Dramatic charts reveal climate change’s effects on oceans

Shutterstock

What’s going on out there?

Climate change is scrambling the oceans. It’s raising water temperatures, lowering pH levels, reducing oxygen availability, and driving down the size of wildlife populations the oceans can sustain.

A study published Tuesday in the journal PLOS Biology painstakingly chronicles many of the consequences of marine changes that the researchers describe as “unprecedented” during the last 20 million years:

Our results suggest that the entire world’s ocean surface will be simultaneously impacted by varying intensities of ocean warming, acidification, oxygen depletion, or shortfalls in productivity. Only a very small fraction of the oceans, mostly in polar regions, will face the opposing effects of increases in oxygen or productivity, and almost nowhere will there be cooling or pH increase. …

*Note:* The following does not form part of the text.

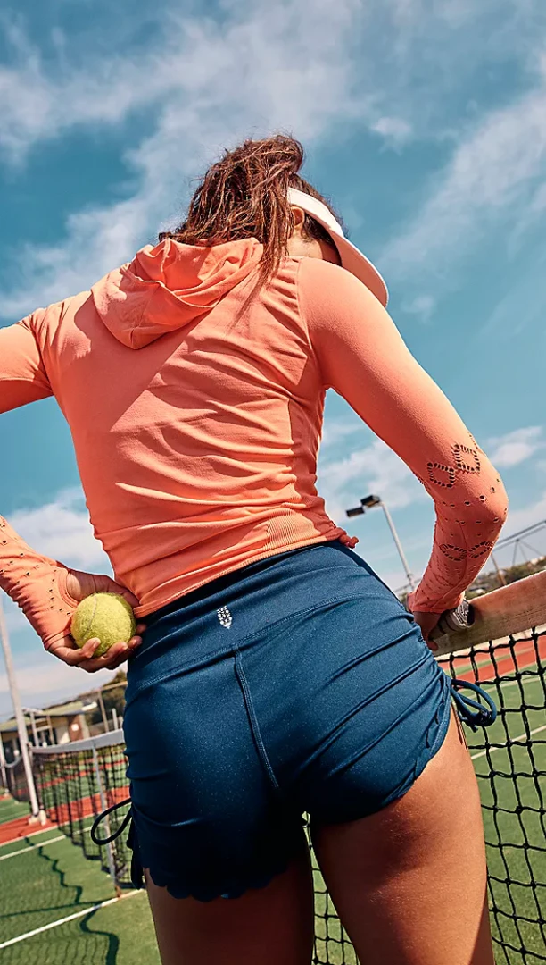 Femme, flirty, and ready to make moves, these scalloped active shorts are featured in a formfitting high-rise design with mid-compression and side-tie details.

The social ramifications are also likely to be massive and challenging as some 470 to 870 million people – who can least afford dramatic changes to their livelihoods – live in areas where ocean goods and services could be compromised by substantial changes in ocean biogeochemistry.

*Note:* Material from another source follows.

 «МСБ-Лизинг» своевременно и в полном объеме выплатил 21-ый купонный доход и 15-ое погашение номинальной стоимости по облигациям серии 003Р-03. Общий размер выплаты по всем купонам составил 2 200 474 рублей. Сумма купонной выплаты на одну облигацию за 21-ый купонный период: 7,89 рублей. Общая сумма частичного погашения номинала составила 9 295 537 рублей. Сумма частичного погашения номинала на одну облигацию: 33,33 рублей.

It’s not all bad, according to the international team of researchers. Take a look at this chart from the study revealing cumulative net benefits expected by the year 2100 from changes in oceanic temperature (oC), oxygen content (O2), acidity level (pH), and productivity (Pr):

PLOS BiologyCumulative benefits of biogeochemical changes in the oceans to the year 2100. Click to embiggen.

Ah, that was kinda nice, wasn’t it. But if you want to stay in that happy place be sure to not look at the next chart, which, for comparison, reveals the cumulative negative consequences of all those biogeochemical changes:

PLOS BiologyCumulative negative impacts of biogeochemical changes in the oceans to the year 2100. Click to embiggen.

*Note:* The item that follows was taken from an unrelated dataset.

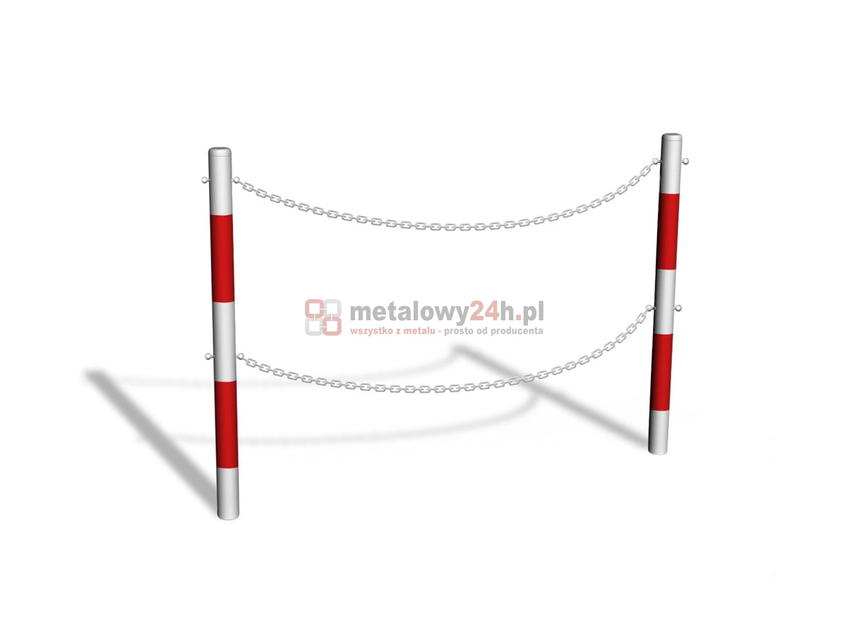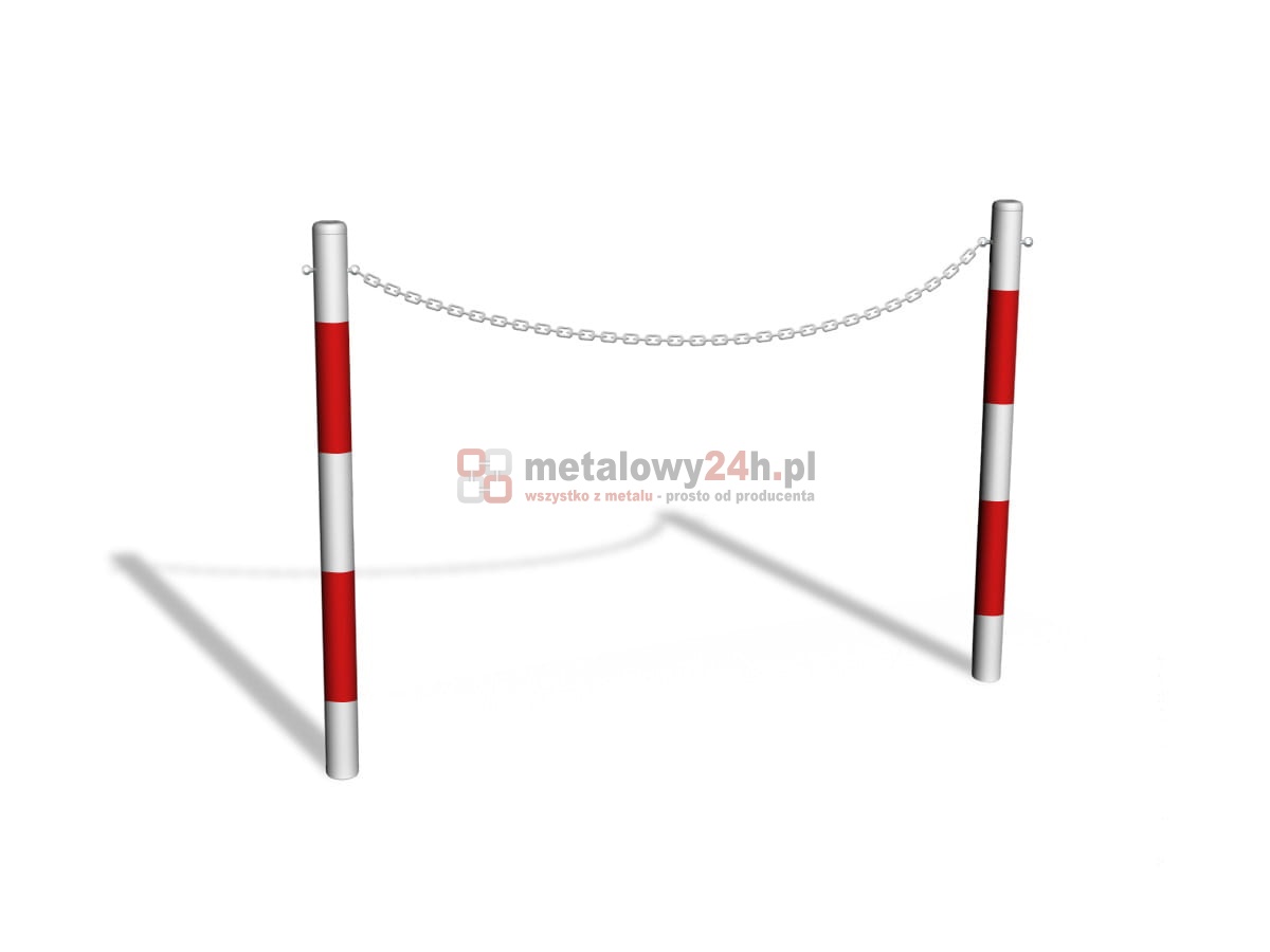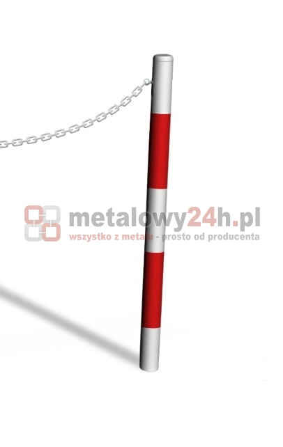 Słupek kończący do bariery u-12b „łańcuchowej“ - śr. Rury 76,1 mm - biało-czerwony - montaż poprzez betonowanie w gruncie

Yikes, that thing has more warning colors than a poison dart frog.

We’ll leave the final word for the researchers: “These results underline the need for urgent mitigation of greenhouse gas emissions if degradation of marine ecosystems and associated human hardship are to be prevented.”


Source
Biotic and Human Vulnerability to Projected Changes in Ocean Biogeochemistry over the 21st Century, PLOS Biology

John Upton is a science fan and green news boffin who tweets, posts articles to Facebook, and blogs about ecology. He welcomes reader questions, tips, and incoherent rants: johnupton@gmail.com.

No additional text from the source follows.